From the first line to the last, copy the material word for word; pictures stay out.

**Data segment**
===

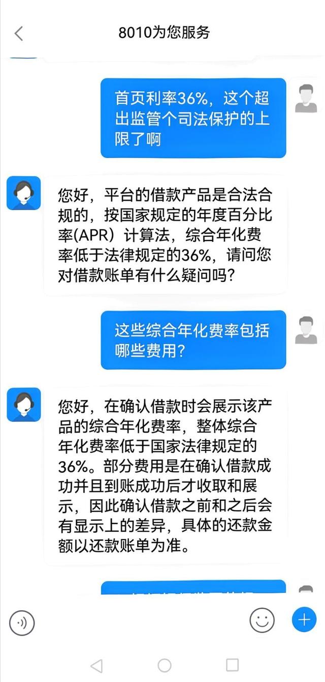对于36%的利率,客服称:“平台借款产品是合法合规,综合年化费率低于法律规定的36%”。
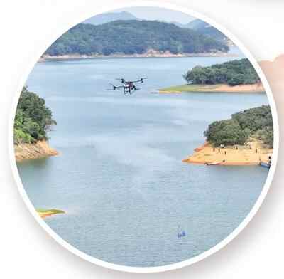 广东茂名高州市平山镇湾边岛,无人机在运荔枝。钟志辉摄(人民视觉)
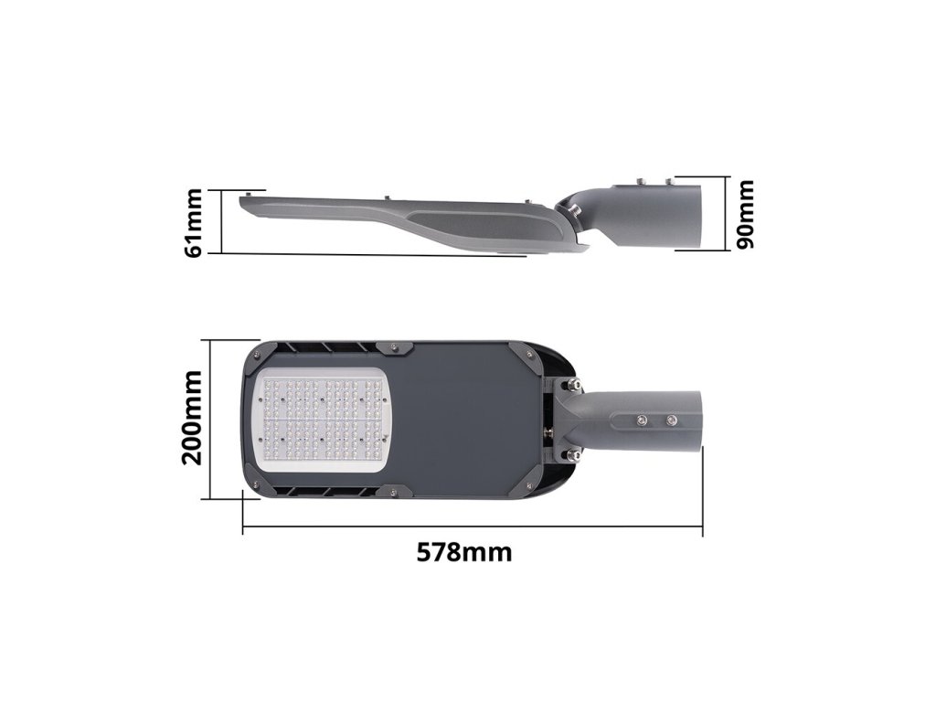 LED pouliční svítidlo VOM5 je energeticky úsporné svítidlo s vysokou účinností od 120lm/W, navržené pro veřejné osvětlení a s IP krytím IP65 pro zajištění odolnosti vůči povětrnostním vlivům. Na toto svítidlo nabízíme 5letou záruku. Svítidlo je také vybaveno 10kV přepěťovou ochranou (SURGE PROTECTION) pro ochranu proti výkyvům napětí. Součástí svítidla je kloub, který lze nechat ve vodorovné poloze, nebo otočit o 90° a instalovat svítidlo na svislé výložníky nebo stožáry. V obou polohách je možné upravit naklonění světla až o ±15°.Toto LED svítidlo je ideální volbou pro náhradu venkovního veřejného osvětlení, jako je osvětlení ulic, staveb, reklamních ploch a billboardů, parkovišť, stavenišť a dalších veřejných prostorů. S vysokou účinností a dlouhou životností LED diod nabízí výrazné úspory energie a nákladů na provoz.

===

**Written solution**
对于36%的利率,客服称:“平台借款产品是合法合规,综合年化费率低于法律规定的36%”。
 广东茂名高州市平山镇湾边岛,无人机在运荔枝。钟志辉摄(人民视觉)
 LED pouliční svítidlo VOM5 je energeticky úsporné svítidlo s vysokou účinností od 120lm/W, navržené pro veřejné osvětlení a s IP krytím IP65 pro zajištění odolnosti vůči povětrnostním vlivům. Na toto svítidlo nabízíme 5letou záruku. Svítidlo je také vybaveno 10kV přepěťovou ochranou (SURGE PROTECTION) pro ochranu proti výkyvům napětí. Součástí svítidla je kloub, který lze nechat ve vodorovné poloze, nebo otočit o 90° a instalovat svítidlo na svislé výložníky nebo stožáry. V obou polohách je možné upravit naklonění světla až o ±15°.Toto LED svítidlo je ideální volbou pro náhradu venkovního veřejného osvětlení, jako je osvětlení ulic, staveb, reklamních ploch a billboardů, parkovišť, stavenišť a dalších veřejných prostorů. S vysokou účinností a dlouhou životností LED diod nabízí výrazné úspory energie a nákladů na provoz.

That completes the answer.